Dataset records ::
▼

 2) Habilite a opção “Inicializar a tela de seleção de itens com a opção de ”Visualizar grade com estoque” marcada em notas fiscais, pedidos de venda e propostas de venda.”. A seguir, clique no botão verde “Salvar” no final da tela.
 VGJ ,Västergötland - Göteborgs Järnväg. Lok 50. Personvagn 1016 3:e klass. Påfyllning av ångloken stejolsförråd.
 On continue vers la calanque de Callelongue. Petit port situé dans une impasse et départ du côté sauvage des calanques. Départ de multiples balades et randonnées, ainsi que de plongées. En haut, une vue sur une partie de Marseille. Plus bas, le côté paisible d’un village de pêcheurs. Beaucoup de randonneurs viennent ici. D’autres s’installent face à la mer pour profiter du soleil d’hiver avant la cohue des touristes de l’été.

▲
▼

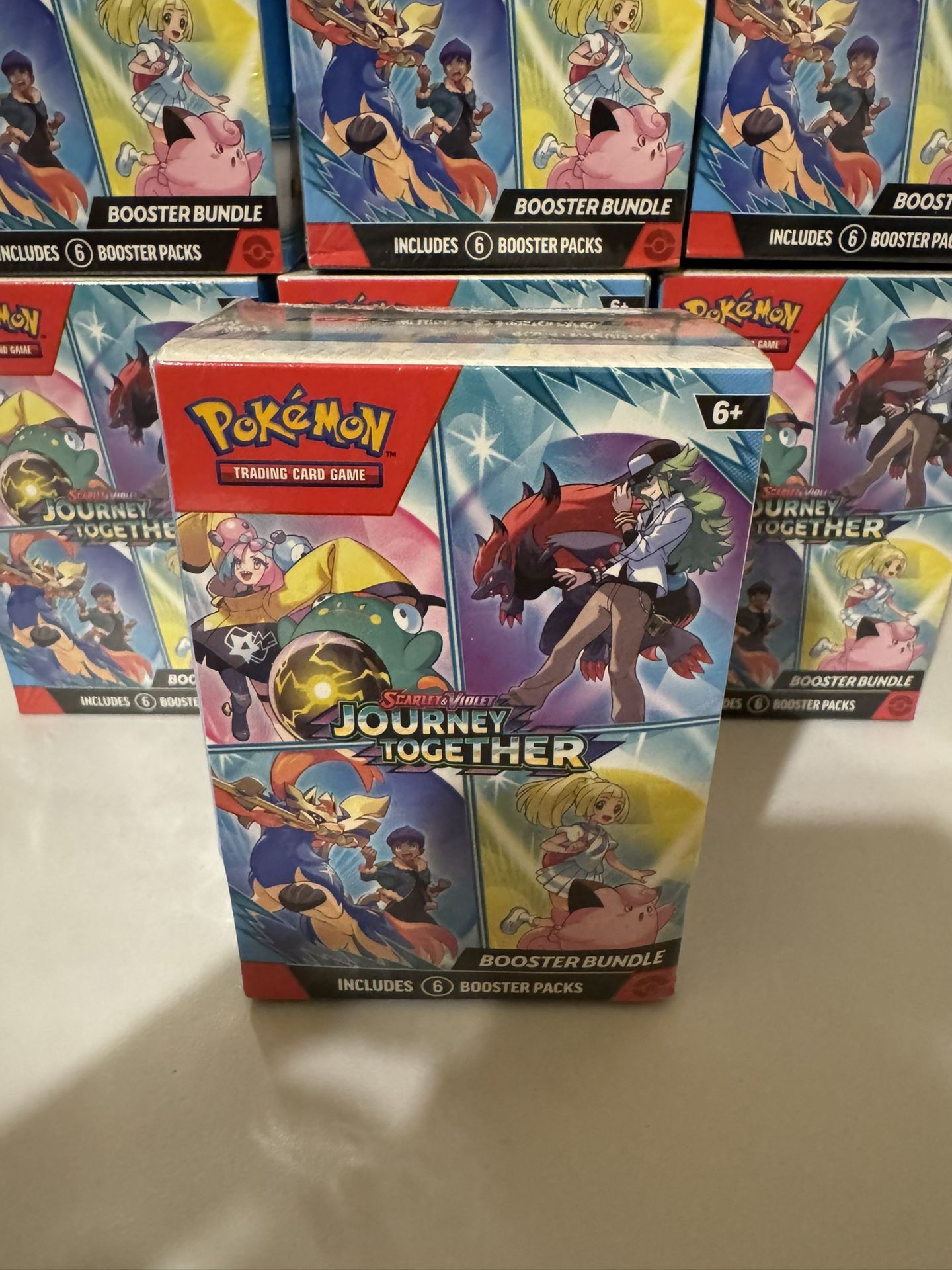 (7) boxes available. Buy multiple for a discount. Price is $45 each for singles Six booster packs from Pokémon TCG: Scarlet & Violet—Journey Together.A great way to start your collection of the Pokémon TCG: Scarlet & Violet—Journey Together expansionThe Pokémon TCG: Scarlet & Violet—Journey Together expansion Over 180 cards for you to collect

▲

Task directions ::
Copy only this part of the entries above: the line with "VGJ ,Västergötland - Göteborgs", the line with "On continue vers", and the lines between, all exactly as written.

Written reply ::
 VGJ ,Västergötland - Göteborgs Järnväg. Lok 50. Personvagn 1016 3:e klass. Påfyllning av ångloken stejolsförråd.
 On continue vers la calanque de Callelongue. Petit port situé dans une impasse et départ du côté sauvage des calanques. Départ de multiples balades et randonnées, ainsi que de plongées. En haut, une vue sur une partie de Marseille. Plus bas, le côté paisible d’un village de pêcheurs. Beaucoup de randonneurs viennent ici. D’autres s’installent face à la mer pour profiter du soleil d’hiver avant la cohue des touristes de l’été.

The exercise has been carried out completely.